Sam Stein QC
“Get a top criminal barrister on your side from day 1”
Drugs offences that a person can be tried for range dramatically, and so too do the potential sentences that may be handed out. The possession of a small amount of a class B or class C drug may lead to a minimal fine, while the cultivation or production of class A drugs, or the trafficking of drugs can carry very long prison sentences. There are many factors which will ultimately determine the sentence that a person receives.
There are three classes of drugs. While heroine and cocaine are considered class A, prescription drugs such as Ketamine are class C. Cannabis is a class B drug, and while this is a higher class than it once was, class B and class C offences carry similar penalties and sentences. All offences will usually carry higher sentences when they involve a class A drug when compared to those that include B or C drugs.
The possession of any drug, without the appropriate prescription or requirement, is illegal, so any amount of any type of drug may lead to criminal prosecution, although smaller quantities of drugs like cannabis are normally dealt with through the issuance of a police caution. Larger quantities, and the intention to supply the drug, however, can mean that the offence is greater and the potential sentence worse.

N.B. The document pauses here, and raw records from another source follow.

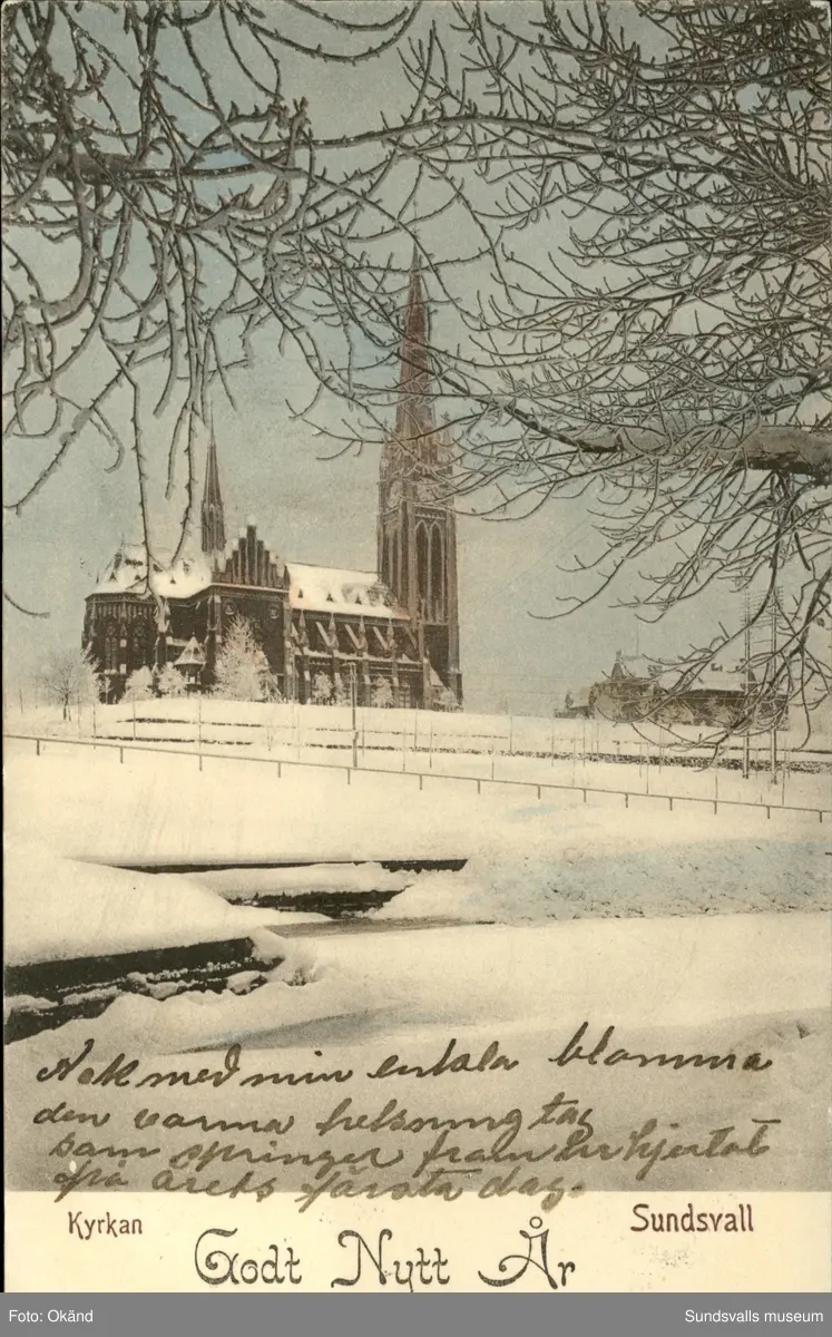 Vykort med vintermotiv av Gustav Adolfskyrka i Sundsvall och texten Godt Nytt År.
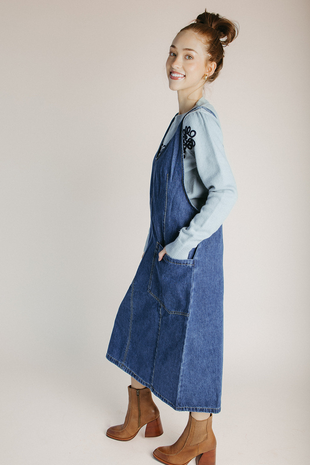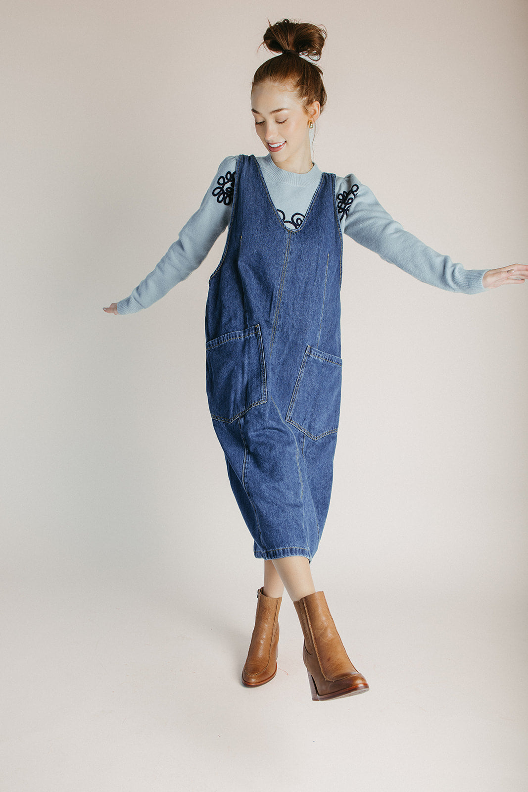 Introducing The Caffery Denim Overall Dress in Indigo Blue. This fun and quirky dress features a unique overall design, perfect for a playful and casual look. Its indigo blue color adds a pop of color to any outfit. Get ready to turn heads with this eye-catching dress!
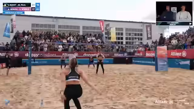 03:32:48Eine Umfrage zur Favoritenrolle im Halbfinale zwischen Behlen-Schulz und Kunst-Paul zeigte eine klare Tendenz. Die Kommentatoren analysierten die Spielzüge und äußerten Bedenken bezüglich des Windes und der Annahmeleistung. Sarah Schulz wurde für ihre starken Blocklösungen gelobt und Behlen-Schulz als deutsche Meister-Titelfavoriten für Timmendorf gehandelt.
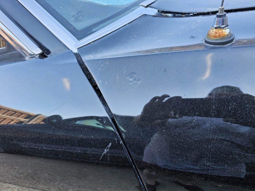 Also not pictured - the mirror on the pass side (which I've never been able to use to look behind me because it's in the wrong place) had the glass fall out and shatter. Rather than replacing that glass, I think probably better to remove it and weld up the screw holes; so now I get to paint (at the least) the hood and both doors. Sigh.
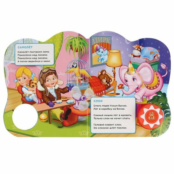Книжка читает сама: озвучена профессиональными актерами! Ребенок с удовольствием будет листать плотные страницы с яркими картинками, нажимать на красивую кнопку с рисунком и слушать любимые стихи. Благодаря компактному формату книгу удобно взять с собой в дорогу.
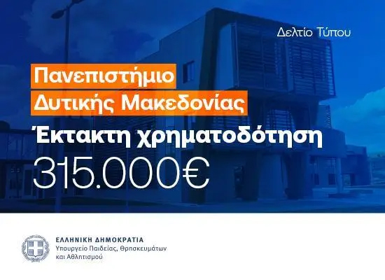 Με απόφαση της Υπουργού Παιδείας, Θρησκευμάτων και Αθλητισμού Σοφίας Ζαχαράκη, δρομολογείται έκτακτη χρηματοδότηση ύψους 315.000 ευρώ προς το Πανεπιστήμιο Δυτικής Μακεδονίας, με στόχο την αποκατάσταση των εκτεταμένων καταστροφών που υπέστησαν πανεπιστημιακές εγκαταστάσεις σε τέσσερις διαφορετικές πόλεις της Περιφέρειας, λόγω των ακραίων καιρικών φαινομένων της 30ής Αυγούστου 2025 και ενόψει της έναρξης του νέου ακαδημαϊκού έτους.
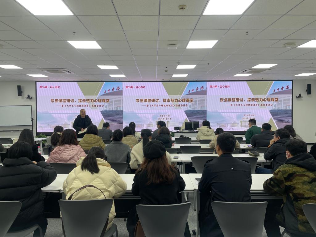 为推进《大学生心理健康教育》课程建设,打造专业化教师队伍,1月14日,学工部心理健康教育与咨询中心举办以“聚焦课程研讨,探索魅力心理课堂”为主题的第35期“启心有约”活动暨大学生心理健康教育课程集体备课会,心理中心副主任王蕴瑾主持备课会,全体任课教师参与研讨。

Intent to supply does not necessarily mean that you intend to sell the drug. Even supplying drugs to a friend or friends, and even if no money changes hands, can lead to a charge of possession with intent to supply and this carries heavier penalties than a simple possession charge. Beyond this, the cultivation or production of drugs are taken very seriously and carry considerable maximum penalties, although your level of involvement will ultimately determine how severe the penalty you receive will be.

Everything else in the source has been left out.